Your assignment: Write the data out again, character for character, with no images.

Dataset content START

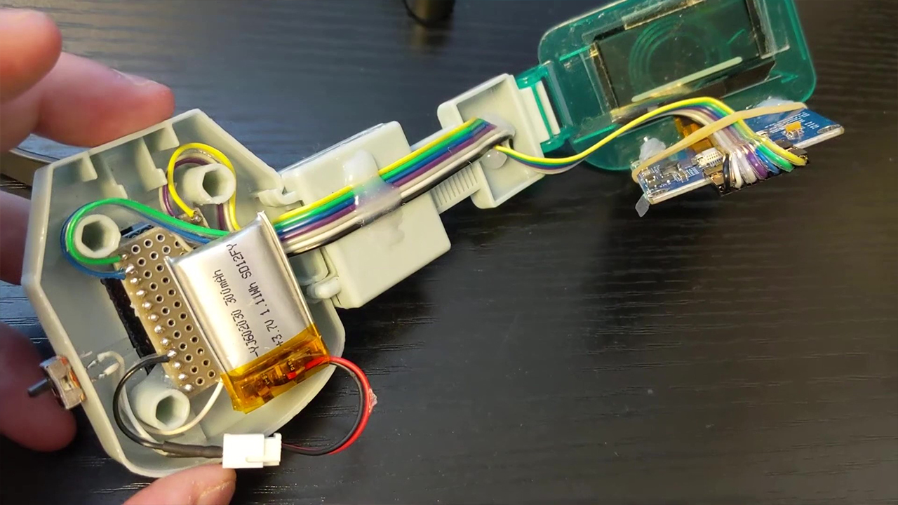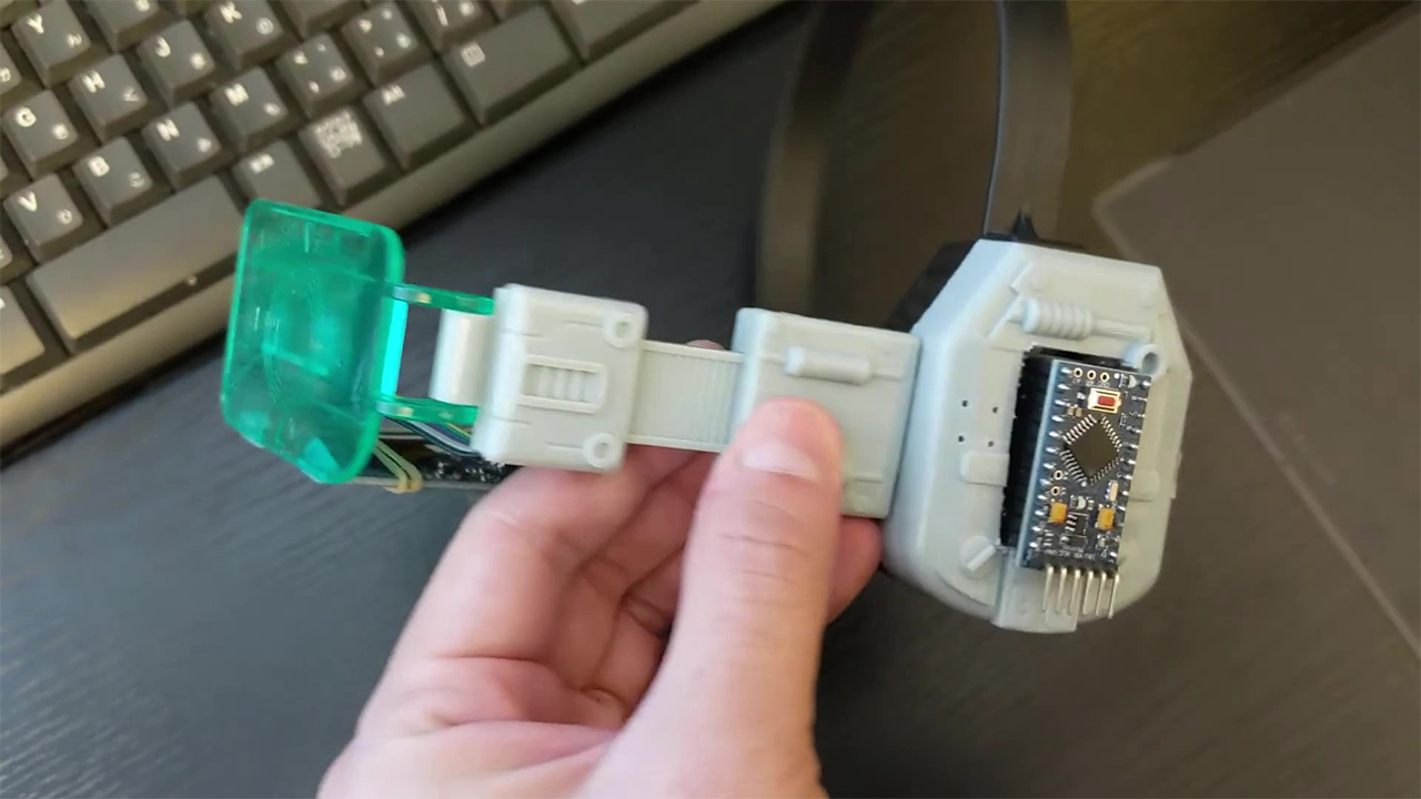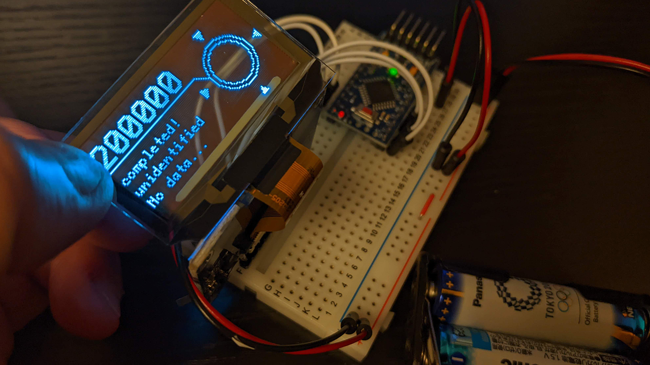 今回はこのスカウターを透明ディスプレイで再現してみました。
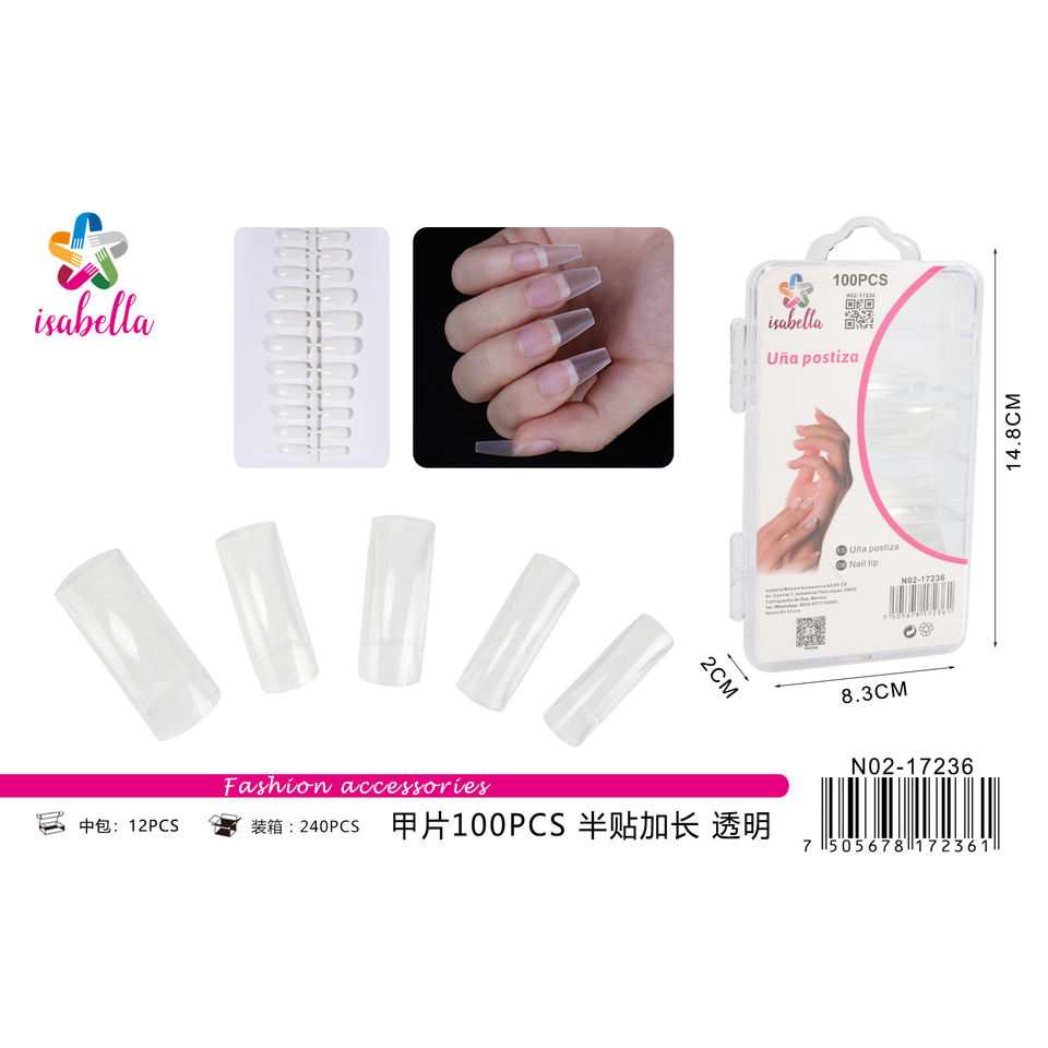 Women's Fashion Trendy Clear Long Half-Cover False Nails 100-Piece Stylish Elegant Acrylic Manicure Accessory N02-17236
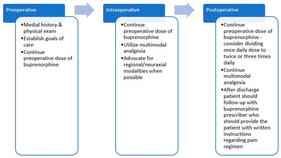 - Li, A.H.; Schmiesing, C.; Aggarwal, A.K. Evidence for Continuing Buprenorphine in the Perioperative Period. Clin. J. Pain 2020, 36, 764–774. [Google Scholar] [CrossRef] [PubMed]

Dataset content END

Answer below:
 今回はこのスカウターを透明ディスプレイで再現してみました。
 Women's Fashion Trendy Clear Long Half-Cover False Nails 100-Piece Stylish Elegant Acrylic Manicure Accessory N02-17236
 - Li, A.H.; Schmiesing, C.; Aggarwal, A.K. Evidence for Continuing Buprenorphine in the Perioperative Period. Clin. J. Pain 2020, 36, 764–774. [Google Scholar] [CrossRef] [PubMed]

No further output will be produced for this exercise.